(Saved entries)
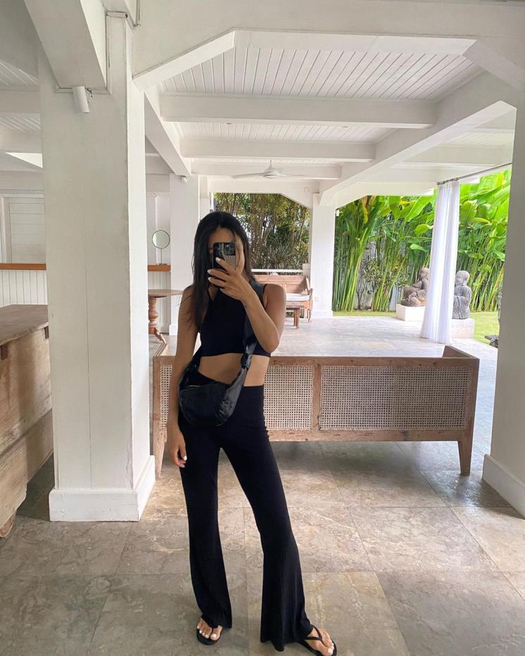 ‘발리댁’ 가희의 카리스마 넘치는 블랙 스타일링. 발리에서의 일상을 공유 중인 가희는 탠한 피부와 함께 건강미 넘치는 비주얼을 자랑한다. 그는 군더더기 없는 블랙 크롭톱과 플레어 팬츠로 올 블랙 셋업을 연출했다. 여기에 블랙 크로스백까지 더해져 한층 깔끔하며, 작은 실버 액세서리를 포인트로 추가해주면 시크룩 완성!
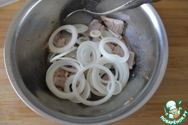 Добавляем лук, нарезанный тонкими кольцами, перемешиваем, оставляем мариноваться на 3 часа при комнатной температуре.
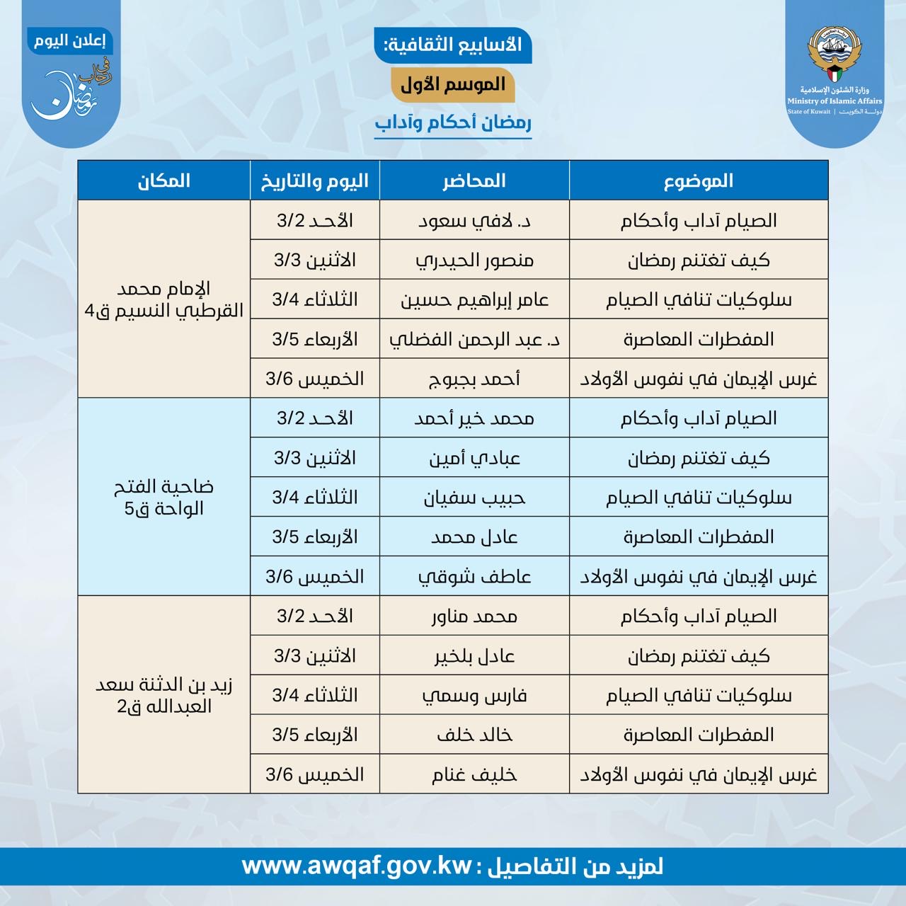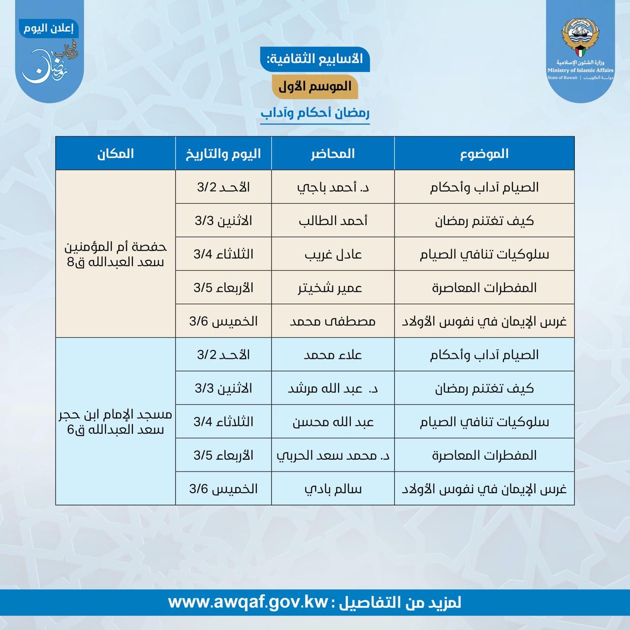 النشاط الثقافي لإدارة مساجد محافظة الجهراء خلال شهر رمضان المبارك ١٤٤٦ هـ - ٢٠٢٥م
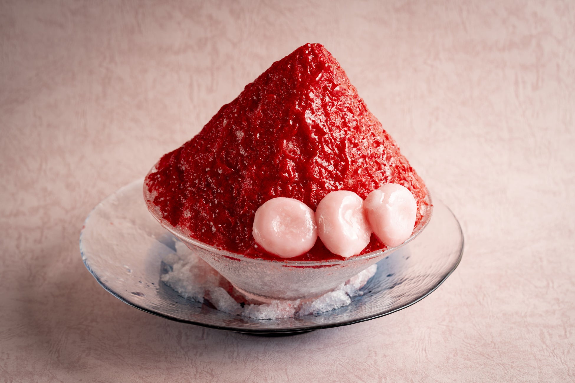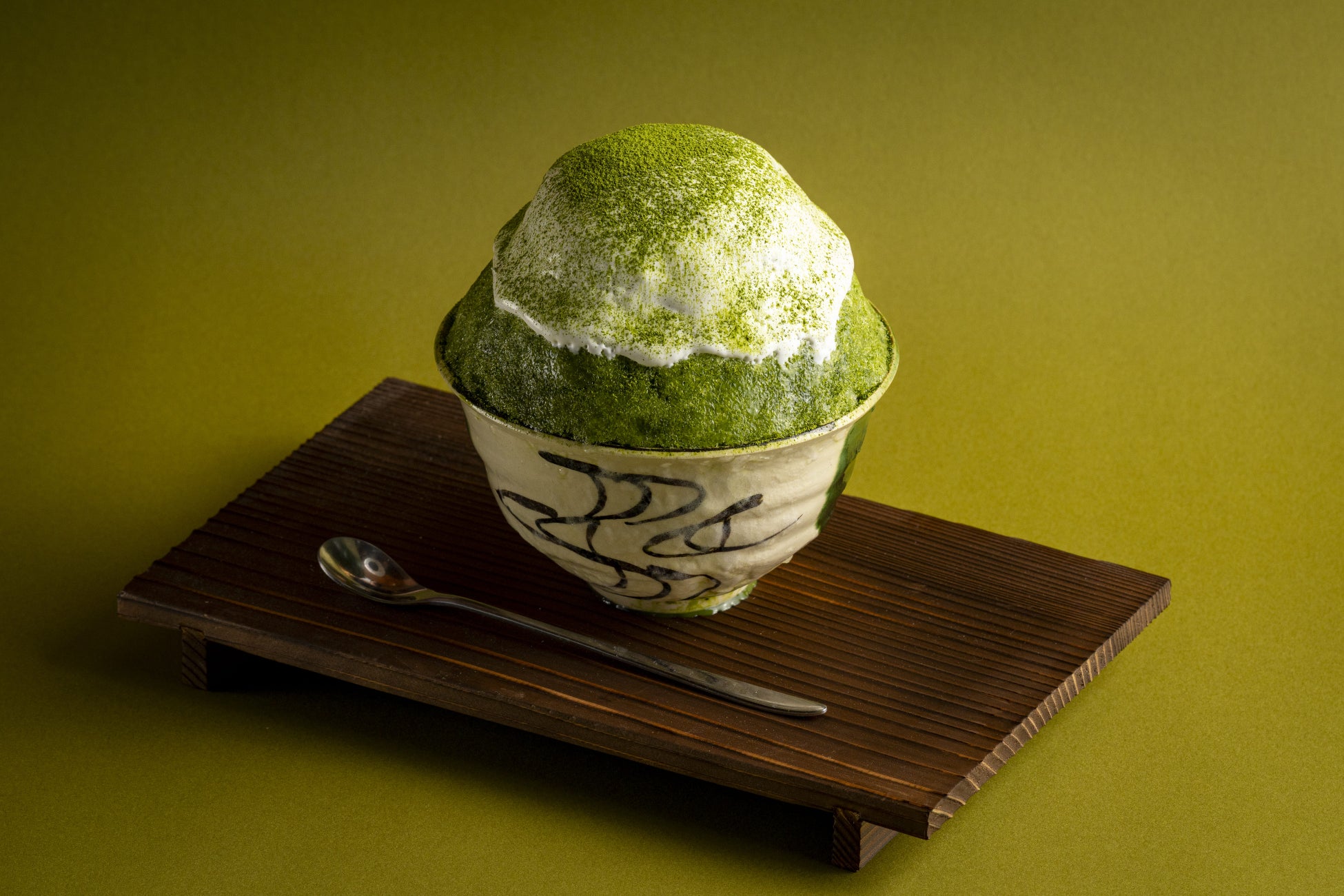 抹茶のかき氷は、香り高い宇治抹茶を贅沢に使用し、濃厚な抹茶ソースに練乳のやさしい甘さを重ねた宇治抹茶金時仕立て。中には風味豊かなあずきを忍ばせ、和の奥深さを感じられる一品に仕上げました。
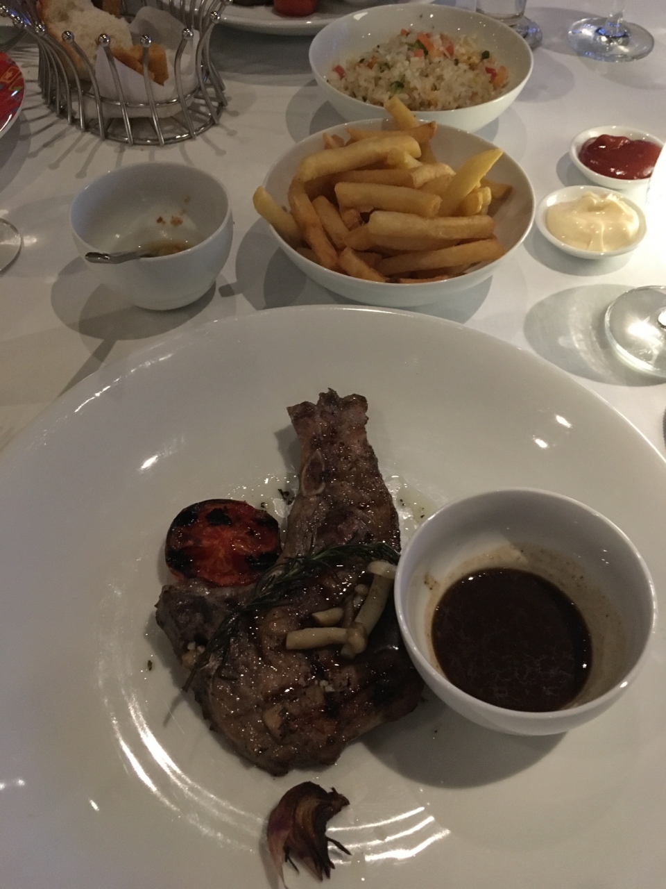 お肉料理にはパンとサイドメニュー(炒飯やポテトなど)がついてくるため、一人一皿で十分なくらいです。

> EXERCISE: Set down the data above word for word, leaving every picture out.

> FINISHED TASK:
 ‘발리댁’ 가희의 카리스마 넘치는 블랙 스타일링. 발리에서의 일상을 공유 중인 가희는 탠한 피부와 함께 건강미 넘치는 비주얼을 자랑한다. 그는 군더더기 없는 블랙 크롭톱과 플레어 팬츠로 올 블랙 셋업을 연출했다. 여기에 블랙 크로스백까지 더해져 한층 깔끔하며, 작은 실버 액세서리를 포인트로 추가해주면 시크룩 완성!
 Добавляем лук, нарезанный тонкими кольцами, перемешиваем, оставляем мариноваться на 3 часа при комнатной температуре.
 النشاط الثقافي لإدارة مساجد محافظة الجهراء خلال شهر رمضان المبارك ١٤٤٦ هـ - ٢٠٢٥م
 抹茶のかき氷は、香り高い宇治抹茶を贅沢に使用し、濃厚な抹茶ソースに練乳のやさしい甘さを重ねた宇治抹茶金時仕立て。中には風味豊かなあずきを忍ばせ、和の奥深さを感じられる一品に仕上げました。
 お肉料理にはパンとサイドメニュー(炒飯やポテトなど)がついてくるため、一人一皿で十分なくらいです。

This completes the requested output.